Is it reliable though, all this machinery? Does DNA translate to proteins that work to produce bestsellers? Not every time. DNA makes mistakes when it replicates, so nature has provided a correction machine, a spelling and grammar checker that notices an error in the making and backs up to repair the damage. How reminiscent of Microsoft Word, telling us smartly about transposed letters but not knowing that old-eyed was meant to be cold-eyed. Neither does the DNA correction machine work every time, so errors creep through. Thank goodness. Otherwise we would still be blue-green algae floating in prehistoric seas. The correction occurs in the midst of machined parts labeled replication forks and Okazaki fragments. Lay a silver spoon on the right side of the place setting and repair the dinner plate with super glue. It is impossibly complicated and cannot work, yet usually it does. Thinking about it makes my mind run backward. The DNA-correction machine hints at a sly winking intelligence at the invisible center of things, a phantom peering around a corner and whispering, “Hey! Bet you can’t do this!” Strings of nucleotides turn into left-handed Pulitzer-prize winners.

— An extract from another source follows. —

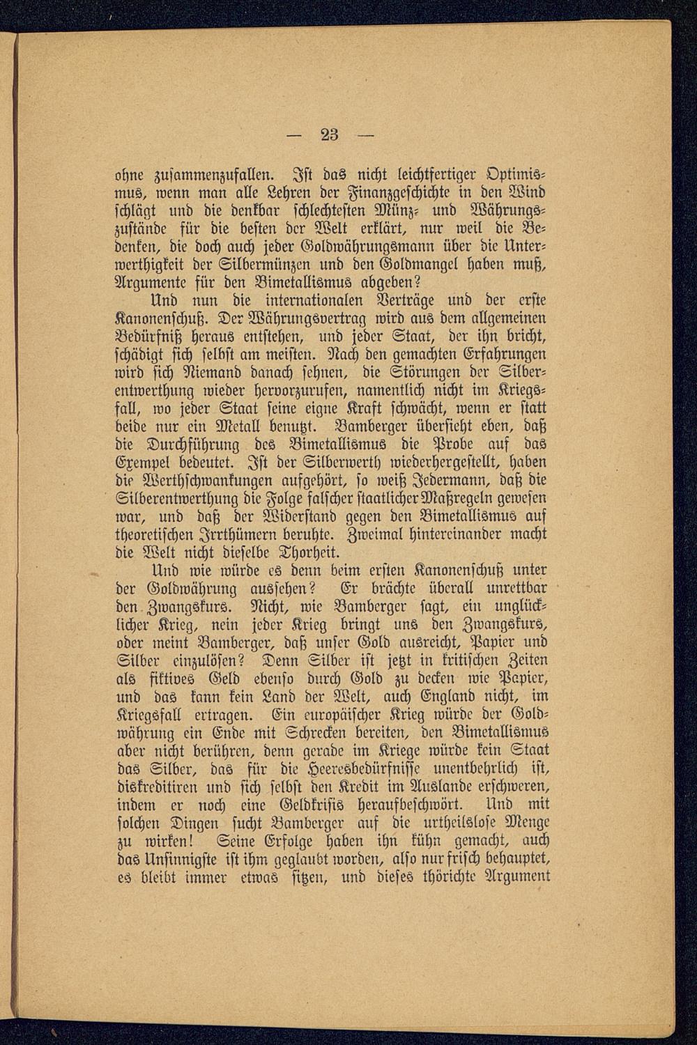 Und nun die internationalen Verträge und der ersteKanonenschuß. Der Währungsvertrag wird aus dem allgemeinenBedürfniß heraus entstehen, und jeder Staat, der ihn bricht,schädigt sich selbst am meisten. Nach den gemachten Erfahrungenwird sich Niemand danach sehnen, die Störungen der Silber-entwerthung ivieder hervorzurufen, namentlich nicht in: Kriegs-fall, wo jeder Staat seine eigne Kraft schwächt, wenn er stattbeide nur ein Metall benutzt. Bamberger übersieht eben, daßdie Durchführung des Bimetallismus die Probe auf dasExempel bedeutet. Ist der Silbcrwerth wiederhergestellt, habendie Werthschwankungen aufgehört, so weiß Jedermann, daß dieSilberentwerthung die Folge falscher staatlicherMaßregeln gewesenwar, und daß der Widerstand gegen den Bimetallismus auftheoretischen Irrthümern beruhte. Zweimal hintereinander machtdie Welt nicht dieselbe Thorheit.

Between DNA recombination and the humanly flawed correction machine, everything in the universe is possible. Cloning and real sex and writing too. We need a few mistakes, so that a blue-green algae turns bluer or greener, or even the slightest tinge of yellow at dusk. So Dick spies Jane, ankles undulate, salamanders froth. So we swoon from gardenia blossoms and encounter ourselves in orgasm. Biological reductionism says we are nothing more than chemistry. CGGAAUCUA. Circe gushes greetings and astute Ulysses conceals unexpected antidote. SMC. Sensual mating clones. Secretly marked canisters. Sensible matched clogs. Sex means cloning. You try it.
 

  

Carol Peters became an author after she wore herself out in the computer business. Today, she lives on a small coffee farm in Hawaii with ducks, rabbits, and a corral of writing machines. In transition from building computer systems to writing novels, she put herself through a five-year self-training exercise in evolutionary and molecular biology, which has blurred the lens through which she perceives organic and inorganic worlds.